* **Work instructions**
Could you repeat the entries below exactly, but only from the line with "대신증권은 4월 중에" through the line with "Spacious 2000 sq", and without any picture?

* **Data extract**

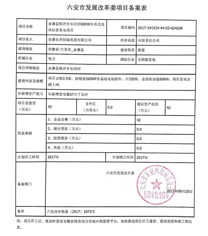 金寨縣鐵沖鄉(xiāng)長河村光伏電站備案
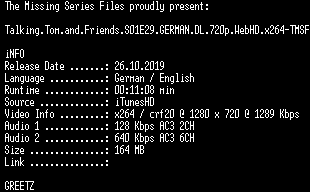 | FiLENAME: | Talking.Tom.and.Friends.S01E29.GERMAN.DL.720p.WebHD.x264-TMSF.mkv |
==
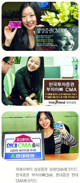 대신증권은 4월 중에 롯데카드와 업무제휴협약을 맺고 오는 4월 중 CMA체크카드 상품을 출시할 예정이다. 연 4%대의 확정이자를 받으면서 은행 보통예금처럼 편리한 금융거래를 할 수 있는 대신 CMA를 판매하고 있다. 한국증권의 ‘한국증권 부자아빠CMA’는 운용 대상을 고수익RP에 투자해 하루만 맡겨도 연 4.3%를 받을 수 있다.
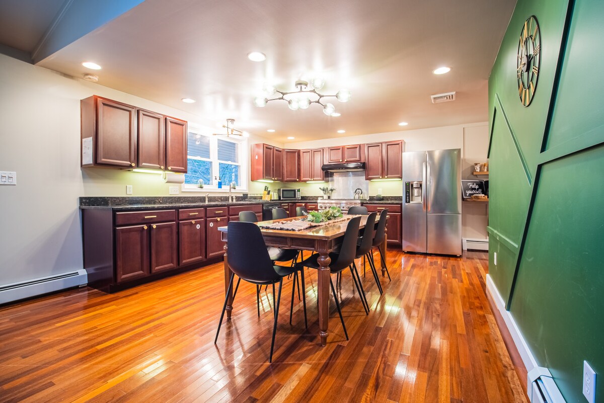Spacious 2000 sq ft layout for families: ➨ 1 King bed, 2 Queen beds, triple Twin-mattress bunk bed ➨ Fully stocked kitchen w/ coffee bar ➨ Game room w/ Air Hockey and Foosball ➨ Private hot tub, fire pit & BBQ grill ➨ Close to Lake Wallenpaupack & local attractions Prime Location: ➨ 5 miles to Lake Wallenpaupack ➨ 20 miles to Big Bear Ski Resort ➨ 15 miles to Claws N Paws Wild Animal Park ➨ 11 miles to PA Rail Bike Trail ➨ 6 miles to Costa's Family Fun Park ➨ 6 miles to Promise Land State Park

* **Response to this exercise**
 대신증권은 4월 중에 롯데카드와 업무제휴협약을 맺고 오는 4월 중 CMA체크카드 상품을 출시할 예정이다. 연 4%대의 확정이자를 받으면서 은행 보통예금처럼 편리한 금융거래를 할 수 있는 대신 CMA를 판매하고 있다. 한국증권의 ‘한국증권 부자아빠CMA’는 운용 대상을 고수익RP에 투자해 하루만 맡겨도 연 4.3%를 받을 수 있다.
Spacious 2000 sq ft layout for families: ➨ 1 King bed, 2 Queen beds, triple Twin-mattress bunk bed ➨ Fully stocked kitchen w/ coffee bar ➨ Game room w/ Air Hockey and Foosball ➨ Private hot tub, fire pit & BBQ grill ➨ Close to Lake Wallenpaupack & local attractions Prime Location: ➨ 5 miles to Lake Wallenpaupack ➨ 20 miles to Big Bear Ski Resort ➨ 15 miles to Claws N Paws Wild Animal Park ➨ 11 miles to PA Rail Bike Trail ➨ 6 miles to Costa's Family Fun Park ➨ 6 miles to Promise Land State Park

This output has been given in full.